伊與田氏は学生時代にドラマ制作を目指し、ドラマの小道具のアルバイトをしていた。その頃に“報道”の世界に興味を持ったという。「小道具のアルバイト帰りにたまたま、報道部のトップの方と帰り道が一緒になって、帰りながらずっとお話したんです。当時、報道ではある大事件が起こっていて、その方はもう1週間ぐらい帰っていないと。寝ていなくて、お風呂も入ってないと言っていました」と思い出を語り、「僕はドラマがやりたかったけど、話を聞いてその頃から、報道ってすごく面白い世界だなと思ったんですよね」と振り返った。

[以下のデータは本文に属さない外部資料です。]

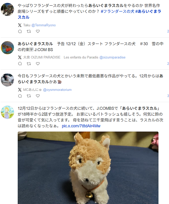 "内海敏彦"カテゴリーの記事一覧 日本タレント名鑑 今さっきテレビで鶴瓶や王さんの 住所どうこうやってたが 内海敏彦くんもタレント名鑑に 住所や小学校や電話番号載ってるんよね 国立国会図書館でコピーさせてもらった 昭和時代は本当に芸能人ってそういうのまで 公にする時代だったから もういまは引っ越しもされてると思うが どうかお元気であってほしいなぁ [0回]PR あらいぐまラスカル あらいぐまラスカル 12月12日スタートの予告ながれた! やっぱり内海敏彦くんの声は天使の美声すぎる フランダースと同じでHGリマスター版 放送が嬉しい。全話ブルーレイ保存だね [0回] というわけで水島裕 ほぼ半年かけてようやく待ったのが今日放送 本当に内海敏彦くんに声似てるんだよ そういえば2人ヒットエンドランでも共演していたなぁ その後愛ラブスマップでも司会進行してたなぁ もう70近いけどいまだ少年のような声の人 見た めっちゃくちゃ 声そっくり 内海敏彦そっくり そうなると今の内海敏彦くんも 水島裕そっくりなんだろうなぁ [0回] 久しぶりに 大江戸捜査網の再放送あるようだ しかも滅多にしてくれない内海敏彦くんの終盤のやつだな 実は若様だったりの。 いつも貧乏人が多かったので新鮮。 ただ再放送は半端なところで中断多いんだよなぁ。 どうか内海敏彦くんあたりまでやりますように、 [0回] 毎日内海敏彦くんに会える!! ついに確定 確定! 12月からあらいぐまラスカル無料放送! マルコより先にやってくれて感謝の極み 全部ブルーレイ保存しよう [0回] ようわからん 小さな恋のメロディ 結局吹替え版だったが内海敏彦じゃないし でも公式HPは字幕版で紹介だし 爆発うぎゃー!!! [0回] 猫目小僧のDVDが でるんか 内海敏彦くんののりこ~のりこ~って 浜どくろのお芝居が聞けるね どっちかというと紙芝居アニメなんで 声優さんは割と自由に演技できたかも 戦隊シリーズも終わるしお金の使い道へるんで 気が向いたら買おう [0回]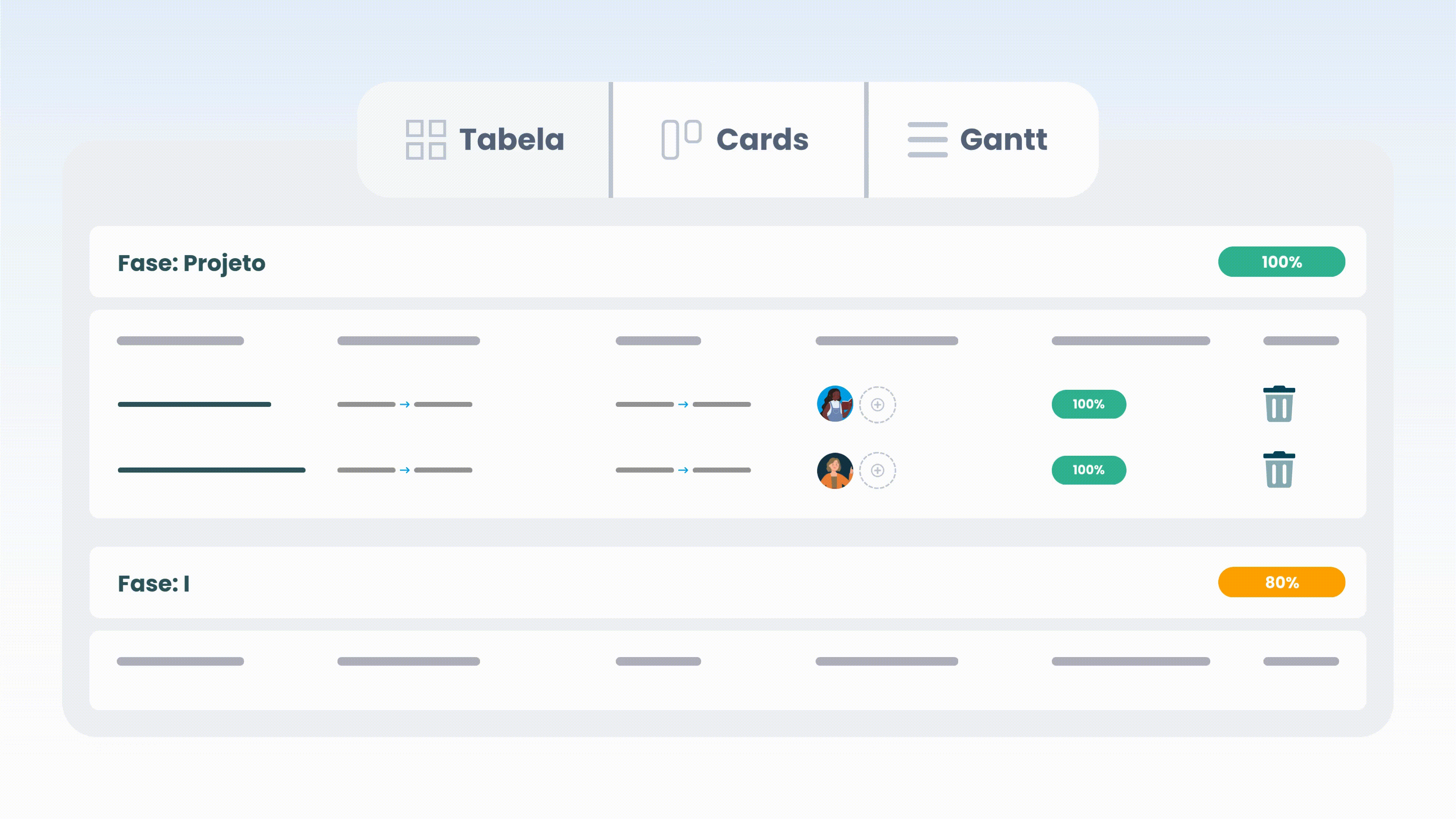 Coluna de numeração de atividades e barra de progresso colorida por fase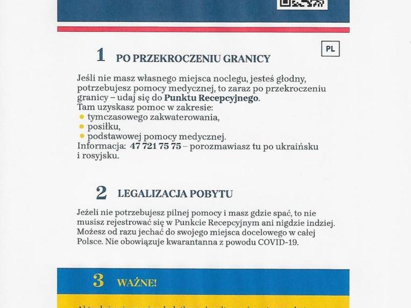 Ulotki informacyjne dla uchodźców wojennych z Ukrainy, którzy...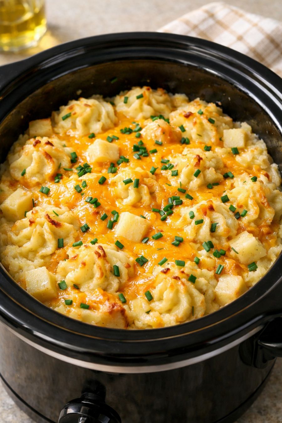 For picky eaters, you can skip the chives on top and use a milder cheese like Colby Jack or mozzarella so the flavor is more familiar and gentle. If your family loves garlic, add 2 to 3 cloves of minced garlic or 1 teaspoon of garlic powder on top of the potatoes before cooking, or stir in roasted garlic at the mashing stage for a deeper, sweeter flavor. For a little extra richness on holidays, swap half of the heavy cream for room-temperature cream cheese and mash it in with the butter. If you prefer a lighter version, you can use half-and-half instead of heavy cream and reduce the cheese to 1 cup total; the potatoes will be a bit less rich but still creamy. To make them feel even more like traditional duchess potatoes, you can scoop the finished potatoes into a buttered baking dish, swirl the top with a spoon, and broil for a few minutes until lightly browned and crisp around the edges—just be sure to transfer them carefully and watch closely under the broiler. For make-ahead prep, you can peel and cube the potatoes up to 4 hours in advance and keep them covered in cold water in the fridge, then drain well before adding to the slow cooker. Food safety tips: Always cook the potatoes until they are fully tender and steaming hot in the center; undercooked potatoes can be unpleasant and unsafe. Keep the slow cooker on WARM (not OFF) if you’re serving over a couple of hours, and refrigerate leftovers within 2 hours of cooking in shallow containers. Reheat leftovers thoroughly until steaming hot, adding a splash of cream or milk to loosen if needed, and do not reheat more than once. Avoid leaving dairy-based dishes like this out at room temperature for extended periods, especially at potlucks or holiday gatherings.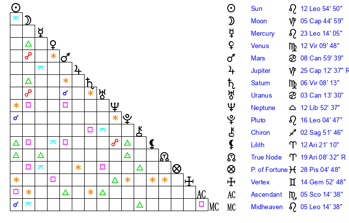 | Moon | 5 Capricorn 40 | 29 Sagittarius 56 | 10 Libra 10 |

そして、「ずっと『報道のドラマをやりたいな』と思っていて、“温めていた”という方がいいかもしれない」と、以前から構想していたという。「だから、ことあるごとに報道の方々と会えばいろいろお話をしてきました。例えば『(警察の)捜査一課長をどうやって取材するか』という内容を報道の人から聞いて、『なるほど! こうやって仕事をしていたのか』と理解する。“夜討ち朝駆け”みたいな、『警察の人とどういう風に付き合うか』という話は聞いてきましたし、長い間いろんな事を積み重ねていって、今回初めて報道のドラマができました」と経緯を語った。
アルバイト時代から約20年の時を経て実現した『キャスター』。伊與田氏は「当時、報道番組では『NEWS23』の筑紫哲也さん、『ニュースステーション』の久米宏さんがいて、今よりもうちょっとニュースが面白かったです」と振り返り、「今はみんなが“まとも”になってコンプライアンス意識もあるので、ある意味、“どの局を見ても同じ”ように見えてしまい、ちょっとつまんない。現代の報道への批判的な面もあって、『昔は良かった』じゃないですが、そんな風にして描いてみようかなと思いました」と語った。
しかし、「昔とは違う中でも、現代の報道の方々が『いかに真実を伝えるか』ということに誠心誠意、向き合っている姿を見て、そこを描けたらいいなと変わっていきました」と明かし、「限られている中で、守らなければいけないルールの中で、精一杯やっているんだということを、今回描けたらいいなと思いました」と語った。